I think you can tell whether you have a "toy" or a serious operating system simply by watching the things that appear on the screen while it is installing. If it tells you it is exorcising daemons, creating file systems, reticulating splines etc then you are on the right path, but if it uses the word "rich" and "experience" together anywhere then look out.:yuck:
 
diyAudio Senior Member
Joined 2002
TOY OS.

Hi,

NT4,Windozs2000 and XP are all based on the same kernell and can't be compared to the DOS based W9X OS.

NT was targeted for the pro market and is indeed a very stable OS,none of my Win2K machines have ever crashed for the past 2 years.
A record for MS I guess?
Gone are the blue screens and clueless error messages.
It is actually so good I often catch myself neglecting to take backups and snaps of the system.
We have come a long way in the past five years....how else could we spend so much time on DIYAudio?:D

Cheers,;)
 
NT4 was the best operating system ever created by microsoft, IMHO. It run fast, never crashed, needed very little hardware. Real OS for doing real work. I have XP home edition on my laptop now and it feels like win95. Full of crud and overhead service programs that I never use and make the machine snail slow. Nonetheless, that is still faster than any mac OSX 10.2 I use at school.

Frank are you sure that all XP are based on NT? Professional edition is. I am not so sure about the Home Edition.
 
Disabled Account
Joined 2002
The Pro edition doesn't suffer from all the hybrid clutter though.

Hi Frank,

Please explain this. IMO the differences aren't that big. Yes, Home edition isn't able to log on to domains. They are the same OS to a large extent. I have both Home and Pro editions and I think a lot of home-users decide for the Pro just for the name ;)

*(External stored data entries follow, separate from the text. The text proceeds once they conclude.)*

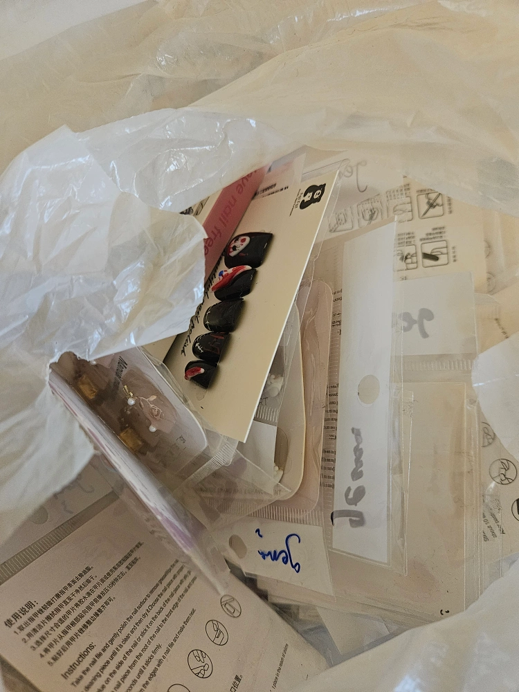 Selling a collection of nail art supplies. Includes various nail pieces and accessories. Perfect for creating unique nail designs at home! all new suprise bag
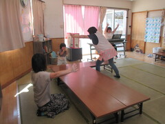 逃げ出したきんぎょをさがして遊び、♫さかながはねて♫のメロディーに合わせて表現遊びも楽しみました。
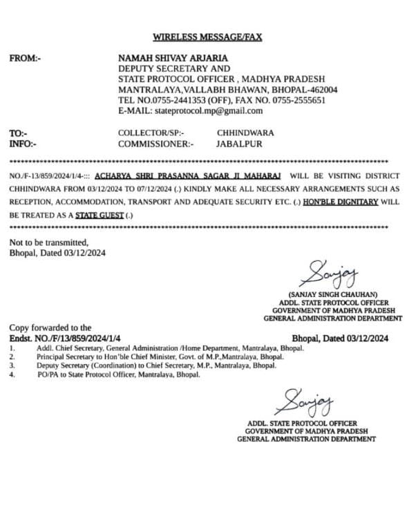 इंदौर। दिगम्बर जैन संत अन्तर्मना आचार्य श्री प्रसन्न सागर जी महाराज को मध्यप्रदेश सरकार ने राजकीय अतिथि घोषित कर गौरव प्रदान किया है। अन्तर्मना संघ के कोर्डिनेटर डॉ. संजय जैन ने उक्त जानकारी देते हुए बताया कि प्रदेश के यशस्वी मुख्यमंत्री माननीय डॉ. मोहन जी यादव, केबिनेट मंत्री माननीय कैलाश जी विजयवर्गीय ने भारतवर्षीय तीर्थ क्षेत्र कमेटी मध्यांचल के अध्यक्ष डी.के. जैन जी के प्रस्ताव पर आचार्य श्री को प्रदेश का राजकीय सम्मान प्रदान किया है।
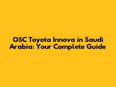 OSC Toyota Innova In Saudi Arabia: Your Complete Guide
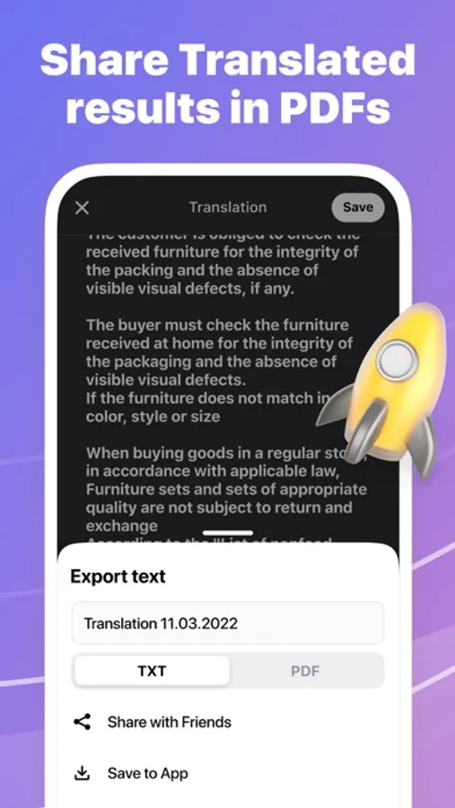A must-have for travelers, language learners, and international companies’ employees. Communicate freely in any part of the world without stress and misunderstanding. Just move your camera to some object or document, and get instant translation. The latest AI technologies help to translate with unrivaled accuracy.
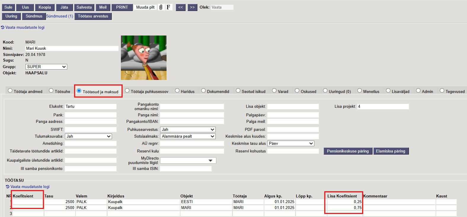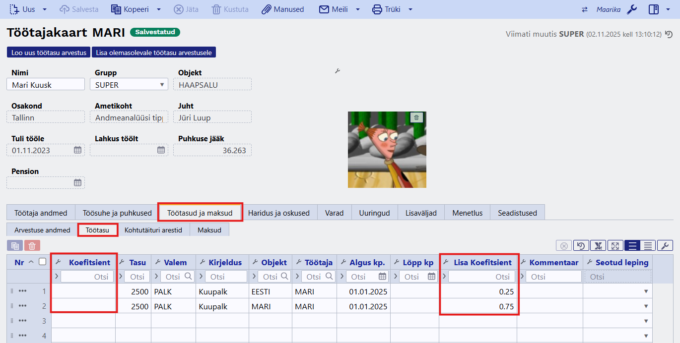 Töötajakaardile koefitsiendi sisestamisel tuleb arvestada, et nende summa peab olema kokku alati 1.
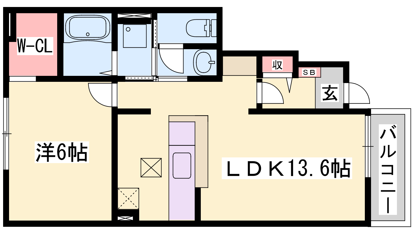 曽根駅徒歩6分、インターネット無料、都市ガス物件、南向きで日当たり良好。
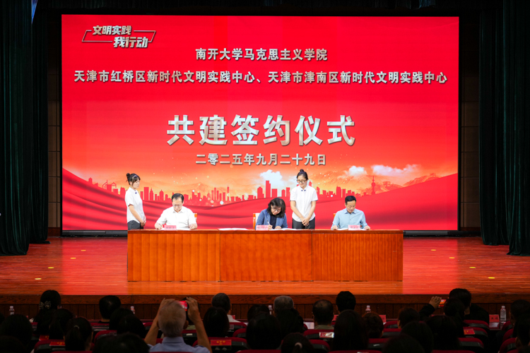 市委宣传部、市文明办、市教育工委、南开大学及红桥区、津南区领导共同启动共建工作。南开大学马克思主义学院负责人分别与红桥区、津南区委宣传部负责人签署共建合作协议,并授予两区“实践教学基地”铭牌。本次仪式标志着共建工作正式启动,拉开了天津市高校马院与文明实践中心共建行动的序幕。
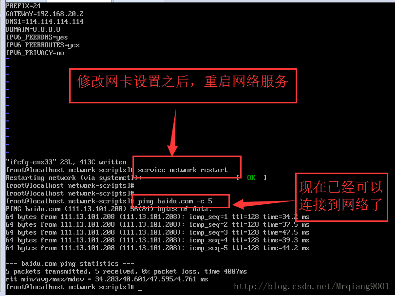 修改完畢之后,重啟網絡服務 service network restart 或者 systemctl restart network.service
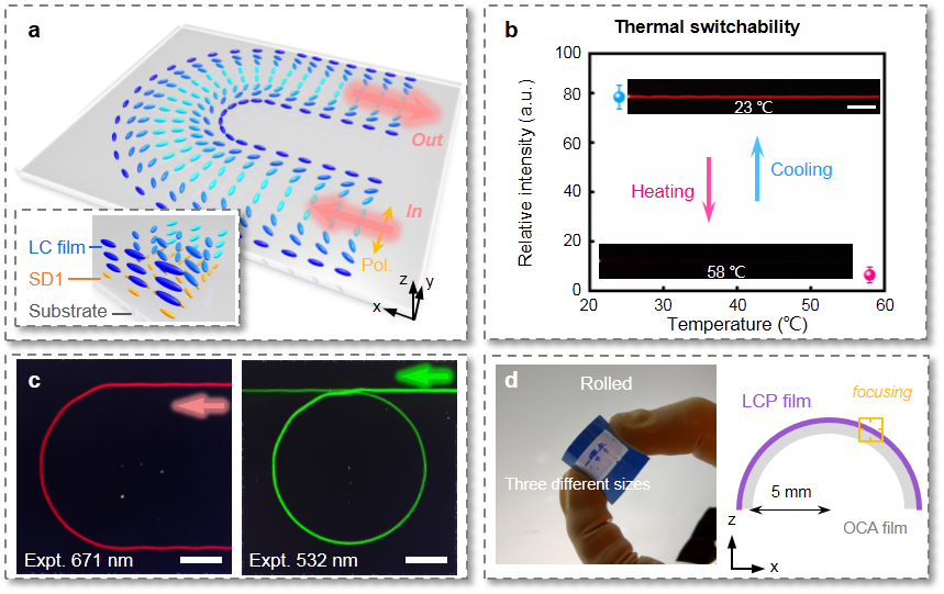 针对这一目标,该研究团队利用光控取向技术进行液晶指向矢面内分布的精确操控,以获得预设的各向异性折射率空间分布,从而制备出一系列基于均质液晶材料的渐变折射率波导元件。论文中展示了直形/U型波导、环形谐振腔等多种集成光子元件。基于液晶这类软物质的内禀外场刺激响应特性,团队还通过热调控和入射偏振变化实现了波导功能的调谐与开关。上述设计同样适用于光聚合液晶薄膜材料,这赋予该类液晶波导元件优良的柔韧性。通过有选择性的局部聚合,结合电场、光场等外场的定点操控,有望实现固定功能元件之间的动态波导连接,从而为未来可编程集成光子芯片提供一种可能的方案。

And yes all new Windows versions are based on the NT kernel.
So Windows 2000 and XP Home and Pro are NT in a refined form with all original NT's problems removed. And a lot of features like Plug and Play were added. Manufacturers of PCI cards and other hardware are told to make better drivers for their hardware and those drivers are digitally signed by Microsoft to guarantee the stability of your system.

This was in fact THE big problem with Windows NT. At least 50 % of the blue screens were created by bad written drivers. Apart from that I can still live with NT as it really still is a very good OS that deserves more than all the complaining a lot of people do about it. :grumpy:
 
diyAudio Senior Member
Joined 2002
I''LL "SPLAIN"

Hi,



Please explain this.


Don't read too much into that remark.
What I meant is that XP Home Edition inherited some of those half hearted utilities and gimmicks from previous OS versions that cluttered those.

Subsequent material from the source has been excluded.